Your instructions -> Copy the listing as it is written, and leave each picture out.

Supplied information ->
──────────────────────────────
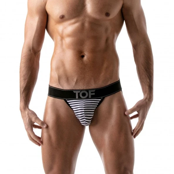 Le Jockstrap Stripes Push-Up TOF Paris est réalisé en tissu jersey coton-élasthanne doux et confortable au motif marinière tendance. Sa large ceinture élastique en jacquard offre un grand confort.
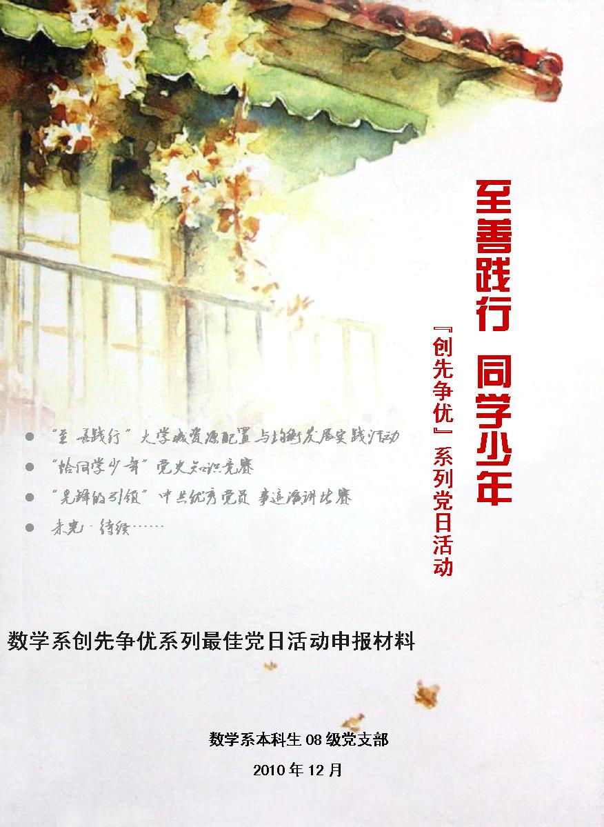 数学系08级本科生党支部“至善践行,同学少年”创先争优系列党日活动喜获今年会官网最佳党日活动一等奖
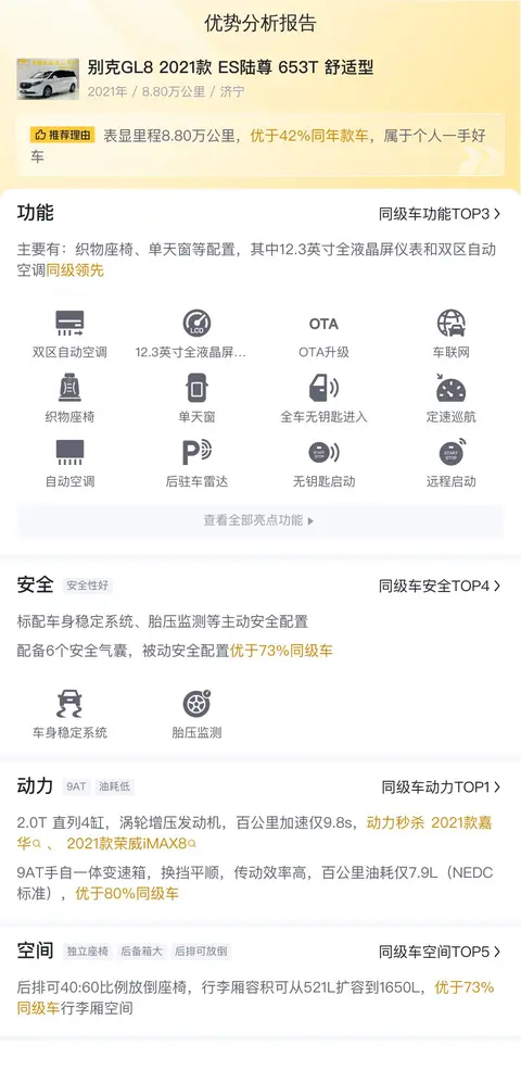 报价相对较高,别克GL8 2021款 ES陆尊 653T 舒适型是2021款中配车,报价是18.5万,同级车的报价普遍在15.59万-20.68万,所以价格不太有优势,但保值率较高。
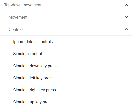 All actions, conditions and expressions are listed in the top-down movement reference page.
──────────────────────────────
Exercise result ->
 Le Jockstrap Stripes Push-Up TOF Paris est réalisé en tissu jersey coton-élasthanne doux et confortable au motif marinière tendance. Sa large ceinture élastique en jacquard offre un grand confort.
 数学系08级本科生党支部“至善践行,同学少年”创先争优系列党日活动喜获今年会官网最佳党日活动一等奖
 报价相对较高,别克GL8 2021款 ES陆尊 653T 舒适型是2021款中配车,报价是18.5万,同级车的报价普遍在15.59万-20.68万,所以价格不太有优势,但保值率较高。
 All actions, conditions and expressions are listed in the top-down movement reference page.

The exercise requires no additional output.